Sunday, June 29, 2014


Once of my favorite phrases is "I was told there would be no math." Feel free to tell me where that comes from. I don't know--and don't particularly care. It completely suits my math-phobic life style. 

I have chosen a life bereft of math. My undergrad degree required NO MATH COURSES. My graduate degree required NO MATH COURSES. I use a calculator for the most menial of numerical chores. And, if necessary, I use my fingers. I'm that person who, when determining the hours between 1p and 7p says "Let's see. That's 1 to 2, 2 to 3, 3 to 4, 4 to 5, 5 to 6, 6 to 7. That would be 6 hours." Every freaking time. 

I am not stupid. No, indeed. I am not. But there are certain areas of my brain that do not function particularly well. Learn all about the Affordable Care Act and how it interacts with Special Needs Trusts? I'm obsessively all over that. Percentages? Not so much.

Allow me to demonstrate. I am finally going to put up a pair of curtains in Annie's room. Now, Annie doesn't actually live in her room. She lives some place else. Minnesota. Or North Dakota. Or anyplace but here. But she does, on occasion, deign to take up residence in Oak Park.

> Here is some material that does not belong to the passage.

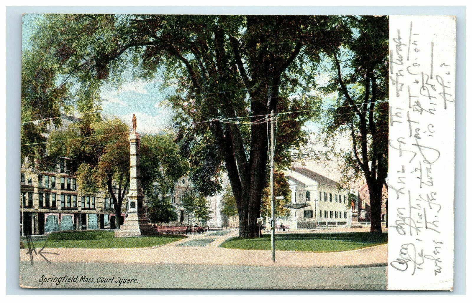 1907 Springfield MA Court Square Postcard Massachusettes
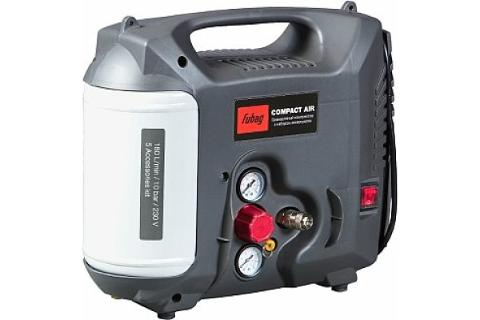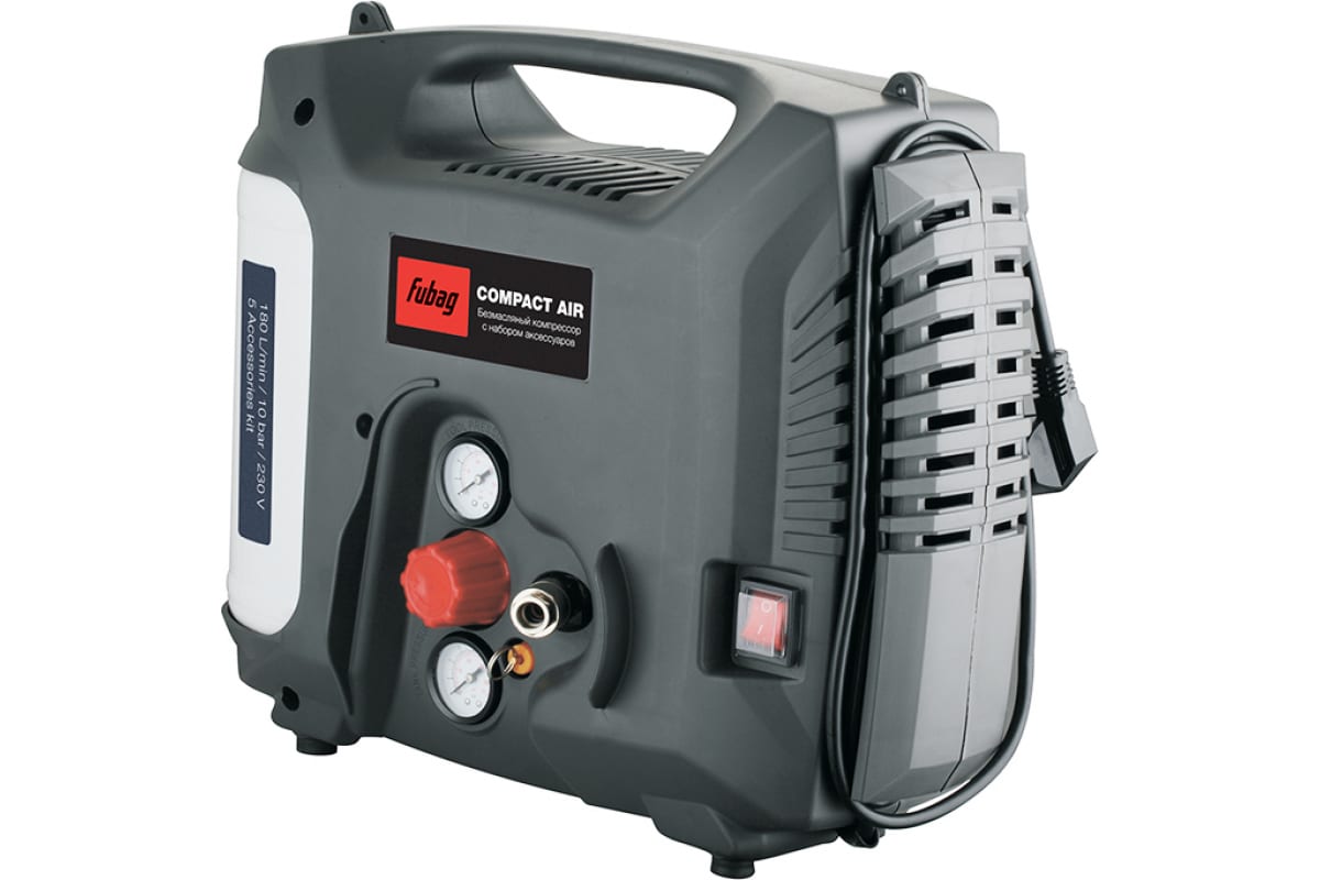 Компрессор FUBAG Compact Air + набор из 5 предметов 6412320 - компактный безмасляный компрессор с ресивером 5 литров и набором из пяти предметов. Легко справится с накачкой колес, мячей и матрасов, а также продувкой компьютеров, фильтров и радиаторов.

And, when she does, her Grandma (otherwise known as my mother) has a fit because Annie hasn't had any curtains over her windows. Grandma is convinced that lurking males are looking into her windows and watching her and waiting to molest her adorable self. 

No, she doesn't change in the room without curtains, and she doesn't walk around unclothed. She just sleeps and hangs out there, fully clothed. 

Nevertheless, I am making Grandma happy and finally applying cloth to window to save Annie from prying eyes. And, of course, I purchased curtains that are 16 inches too long. 

OK. I can solve this problem. I can sew. I have a sewing machine. It is a Singer. Portable Electric. It is 98 years old. The instructions tell me that it can be operated on either alternating current or direct current. How's that for diversity? And all I need to do is sew a straight line across the curtain, making it 16 inches shorter.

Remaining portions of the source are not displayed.